For each entry, repeat the text exactly and omit any picture it holds.

╔══

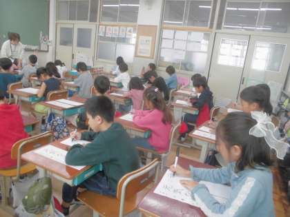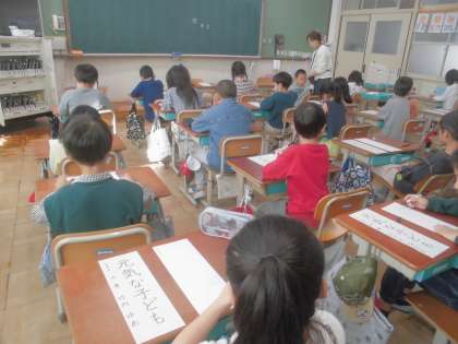 フェルトペンを使って、「元気な子ども」の字を書きました。
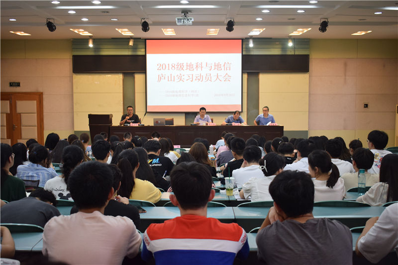 本网讯(罗文菁 尹仟仟)9月16日下午,在学院实验楼101教室,2018级地理科学(师范)专业与地理信息科学专业举行了庐山自然地理联合实习动员大会。院领导曹卫东、乔静,指导教师、辅导员及全体实习生参加了动员会,会议由地理系主任朱永恒教授主持。
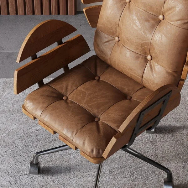 تم تغليف الكرسي بتنجيد من جلد عالي الجودة، ويتميز هذا الجلد بمظهره الأنيق وملمسه الناعم، إضافة إلى عمره الطويل ومقاومته للتآكل. المقعد محشو بإسفنج عالي الجودة يوفر دعماً مريحاً ومستداماً. يتميز الجلد بسهولة العناية به وتنظيفه، حيث يمكن مسحه بقطعة قماش رقيقة عند الحاجة، وهو ما يجعله عملياً جداً في بيئات العمل المشغولة. تأتي الخطوط الطولية والدرزات المتقنة كعنصر تفصيلي يعزز المظهر الاحترافي والمصقول للكرسي.
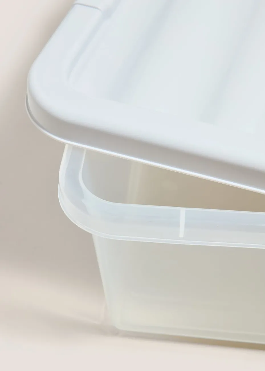 With a generous 42L capacity, this storage box is perfect for storing a variety of items, from clothes and bedding to toys and games. The perfect size to keep your belongings all together with a chic black lid to fit into your decor.
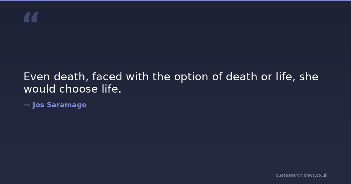 Even death, faced with the option of death or life, she would choose life. death life Download Image Share on X Share on Facebook Copy Link
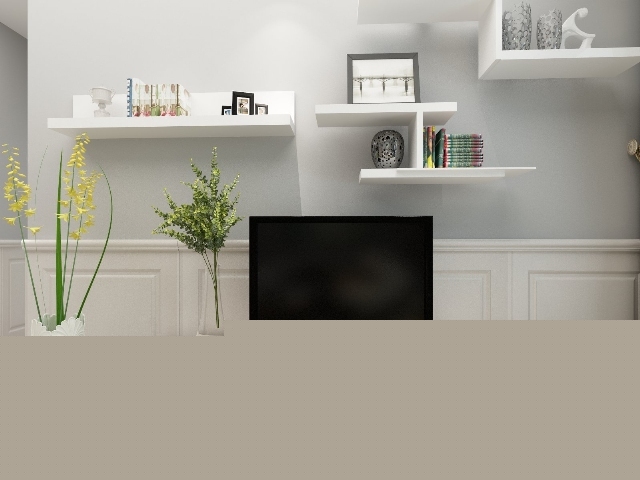 電視背景也沒(méi)多做修飾,放置幾個(gè)擱板增加儲(chǔ)物功能即可
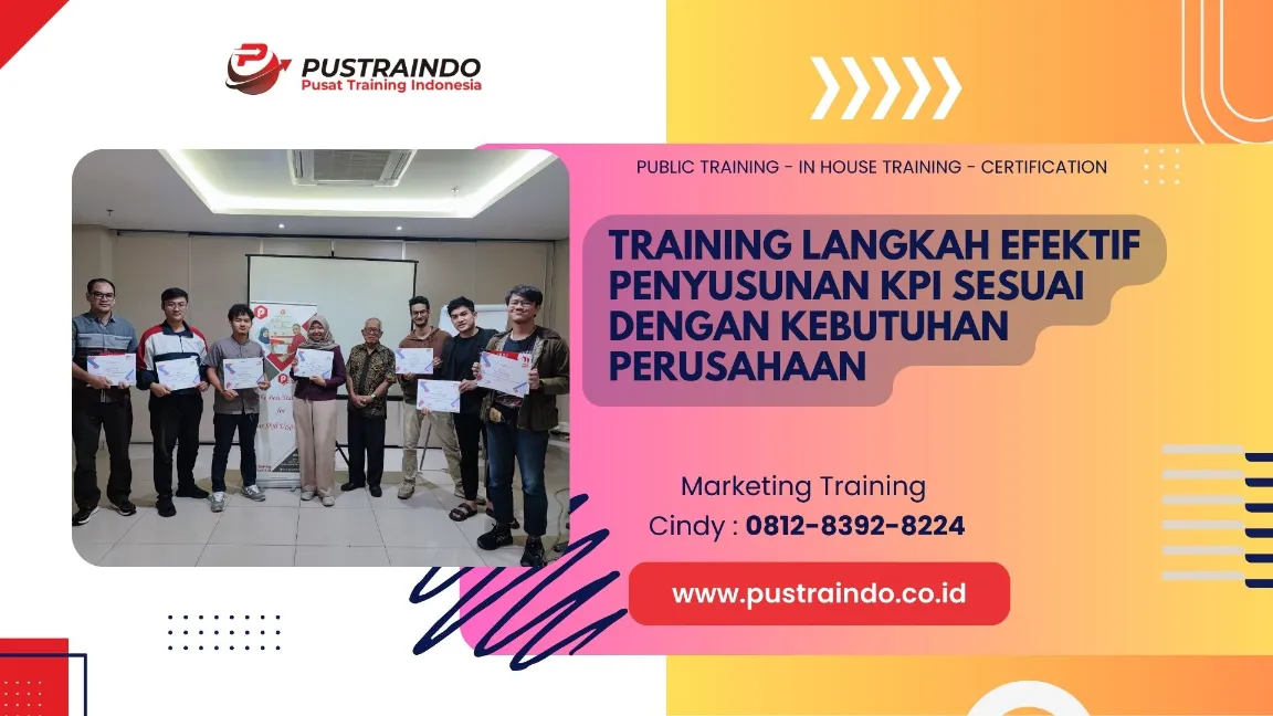 Langkah Efektif Penyusunan KPI (Key Performance Indicator) Sesuai dengan Kebutuhan Perusahaan menjadi sangat penting bagi manajer, team leader, dan profesional yang bertanggung jawab atas pengukuran kinerja individu maupun organisasi. KPI merupakan alat strategis untuk memonitor pencapaian tujuan bisnis, meningkatkan produktivitas, dan memastikan setiap aktivitas sejalan dengan visi dan misi perusahaan. Melalui training ini, peserta dibekali keterampilan dalam merancang KPI yang spesifik, terukur, relevan, dan realistis sesuai kebutuhan perusahaan. Peserta juga mempelajari teknik penentuan target kinerja, pemilihan indikator yang tepat, serta cara memantau dan mengevaluasi pencapaian KPI secara berkelanjutan. Kompetensi ini membantu perusahaan meningkatkan akuntabilitas, mendukung pengambilan keputusan berbasis data, serta mendorong motivasi dan kinerja tim secara optimal. Dengan penguasaan metode penyusunan KPI yang efektif, peserta mampu menciptakan sistem pengukuran kinerja yang transparan, objektif, dan adaptif terhadap dinamika bisnis, sehingga berkontribusi pada pertumbuhan dan keberhasilan perusahaan secara keseluruhan.
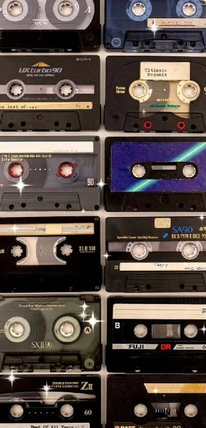 Explore a retro-themed wallpaper featuring an array of vintage cassette tapes, perfect for a nostalgic mobile background. This unique pattern highlights the classic charm of analog music, adding a touch of nostalgia to your device. Ideal for music lovers and retro enthusiasts
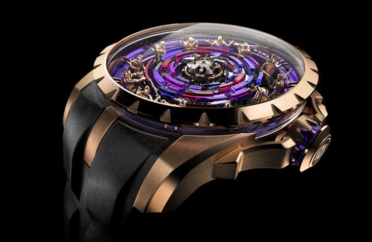 圆桌骑士单陀飞轮手表採用玫瑰金制作手表的霸气外壳,表圈上的槽纹就像是被砍击出来的英雄战斗痕跡般醒目,至于这系列的重点往往在于面盘设计源源不绝的创意,此次罗杰杜彼破天荒採用中置陀飞轮装置,刚好圆桌骑士手表面盘往往融合同心圆的概念,使陀飞轮能在面盘中央找到安心归宿。导入中置陀飞轮之后,代表我们习惯的时、分指针显时模式也会有所变化,品牌採用两枚金质指标作为时、分指针,指标上层乃是一块蓝宝石水晶圆盘,上面镶有不同色调的紫色半透明穆拉诺玻璃,顺着陀飞轮的自转特性,玻璃色块彷彿是由陀飞轮所散发出的光芒般突显了这项复杂装置的存在;另外在面盘边缘的时标环也同样是由整块穆拉诺玻璃雕刻而成。据品牌表示,圆桌骑士单陀飞轮手表的面盘至少包含八层装饰,可见其华丽视觉效果背后拟聚了品牌多少的时间与心力。除了玻璃色块与中置陀飞轮,手表不可少的元素就是微型圆桌骑士金雕了,罗杰杜彼以玫瑰金雕刻出高6mm的骑士人像,每位骑士都有各自穿戴的盔甲和专用的武器,细节中透露品牌追求完美的制表态度。
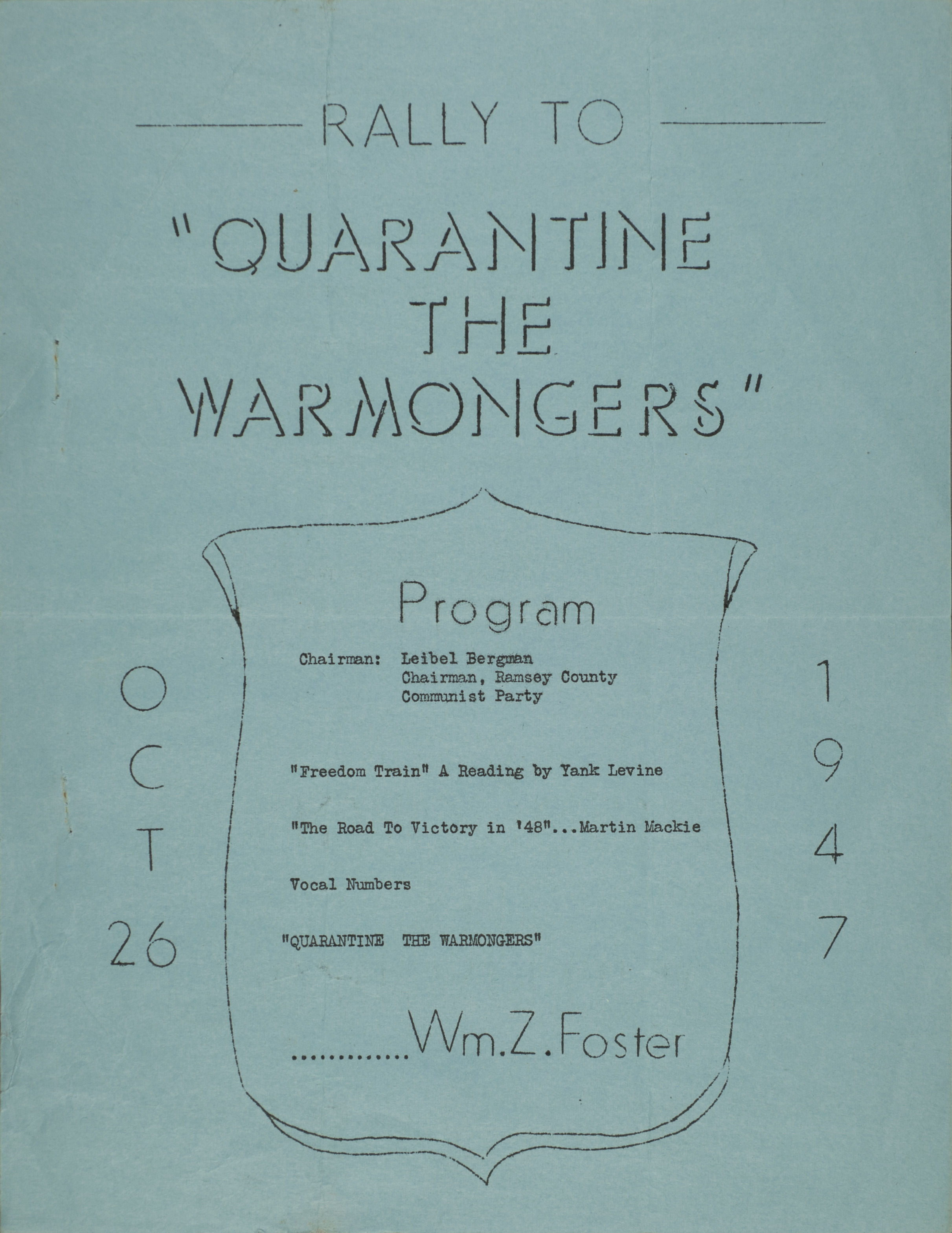- Rally to quarantine the warmongers booklet, October 26, 1947
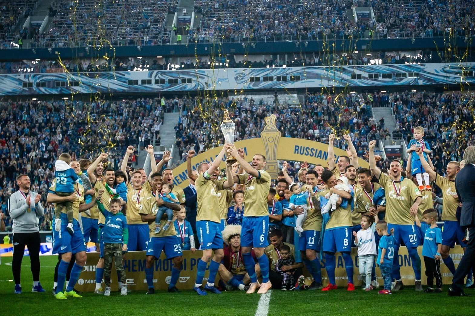 تیم زنیت جشن باشکوهی پس از دریافت جام قهرمانی فصل 2019 - 2018 لیگ برتر روسیه در ورزشگاه گاز پروم واقع در جزیره کوچک کرستوفسکی شهر سن‌پترزبورگ برپا کرد.

╚══

■ Exercise answer ■
 フェルトペンを使って、「元気な子ども」の字を書きました。
 本网讯(罗文菁 尹仟仟)9月16日下午,在学院实验楼101教室,2018级地理科学(师范)专业与地理信息科学专业举行了庐山自然地理联合实习动员大会。院领导曹卫东、乔静,指导教师、辅导员及全体实习生参加了动员会,会议由地理系主任朱永恒教授主持。
 تم تغليف الكرسي بتنجيد من جلد عالي الجودة، ويتميز هذا الجلد بمظهره الأنيق وملمسه الناعم، إضافة إلى عمره الطويل ومقاومته للتآكل. المقعد محشو بإسفنج عالي الجودة يوفر دعماً مريحاً ومستداماً. يتميز الجلد بسهولة العناية به وتنظيفه، حيث يمكن مسحه بقطعة قماش رقيقة عند الحاجة، وهو ما يجعله عملياً جداً في بيئات العمل المشغولة. تأتي الخطوط الطولية والدرزات المتقنة كعنصر تفصيلي يعزز المظهر الاحترافي والمصقول للكرسي.
 With a generous 42L capacity, this storage box is perfect for storing a variety of items, from clothes and bedding to toys and games. The perfect size to keep your belongings all together with a chic black lid to fit into your decor.
 Even death, faced with the option of death or life, she would choose life. death life Download Image Share on X Share on Facebook Copy Link
 電視背景也沒(méi)多做修飾,放置幾個(gè)擱板增加儲(chǔ)物功能即可
 Langkah Efektif Penyusunan KPI (Key Performance Indicator) Sesuai dengan Kebutuhan Perusahaan menjadi sangat penting bagi manajer, team leader, dan profesional yang bertanggung jawab atas pengukuran kinerja individu maupun organisasi. KPI merupakan alat strategis untuk memonitor pencapaian tujuan bisnis, meningkatkan produktivitas, dan memastikan setiap aktivitas sejalan dengan visi dan misi perusahaan. Melalui training ini, peserta dibekali keterampilan dalam merancang KPI yang spesifik, terukur, relevan, dan realistis sesuai kebutuhan perusahaan. Peserta juga mempelajari teknik penentuan target kinerja, pemilihan indikator yang tepat, serta cara memantau dan mengevaluasi pencapaian KPI secara berkelanjutan. Kompetensi ini membantu perusahaan meningkatkan akuntabilitas, mendukung pengambilan keputusan berbasis data, serta mendorong motivasi dan kinerja tim secara optimal. Dengan penguasaan metode penyusunan KPI yang efektif, peserta mampu menciptakan sistem pengukuran kinerja yang transparan, objektif, dan adaptif terhadap dinamika bisnis, sehingga berkontribusi pada pertumbuhan dan keberhasilan perusahaan secara keseluruhan.
 Explore a retro-themed wallpaper featuring an array of vintage cassette tapes, perfect for a nostalgic mobile background. This unique pattern highlights the classic charm of analog music, adding a touch of nostalgia to your device. Ideal for music lovers and retro enthusiasts
 圆桌骑士单陀飞轮手表採用玫瑰金制作手表的霸气外壳,表圈上的槽纹就像是被砍击出来的英雄战斗痕跡般醒目,至于这系列的重点往往在于面盘设计源源不绝的创意,此次罗杰杜彼破天荒採用中置陀飞轮装置,刚好圆桌骑士手表面盘往往融合同心圆的概念,使陀飞轮能在面盘中央找到安心归宿。导入中置陀飞轮之后,代表我们习惯的时、分指针显时模式也会有所变化,品牌採用两枚金质指标作为时、分指针,指标上层乃是一块蓝宝石水晶圆盘,上面镶有不同色调的紫色半透明穆拉诺玻璃,顺着陀飞轮的自转特性,玻璃色块彷彿是由陀飞轮所散发出的光芒般突显了这项复杂装置的存在;另外在面盘边缘的时标环也同样是由整块穆拉诺玻璃雕刻而成。据品牌表示,圆桌骑士单陀飞轮手表的面盘至少包含八层装饰,可见其华丽视觉效果背后拟聚了品牌多少的时间与心力。除了玻璃色块与中置陀飞轮,手表不可少的元素就是微型圆桌骑士金雕了,罗杰杜彼以玫瑰金雕刻出高6mm的骑士人像,每位骑士都有各自穿戴的盔甲和专用的武器,细节中透露品牌追求完美的制表态度。
- Rally to quarantine the warmongers booklet, October 26, 1947
 تیم زنیت جشن باشکوهی پس از دریافت جام قهرمانی فصل 2019 - 2018 لیگ برتر روسیه در ورزشگاه گاز پروم واقع در جزیره کوچک کرستوفسکی شهر سن‌پترزبورگ برپا کرد.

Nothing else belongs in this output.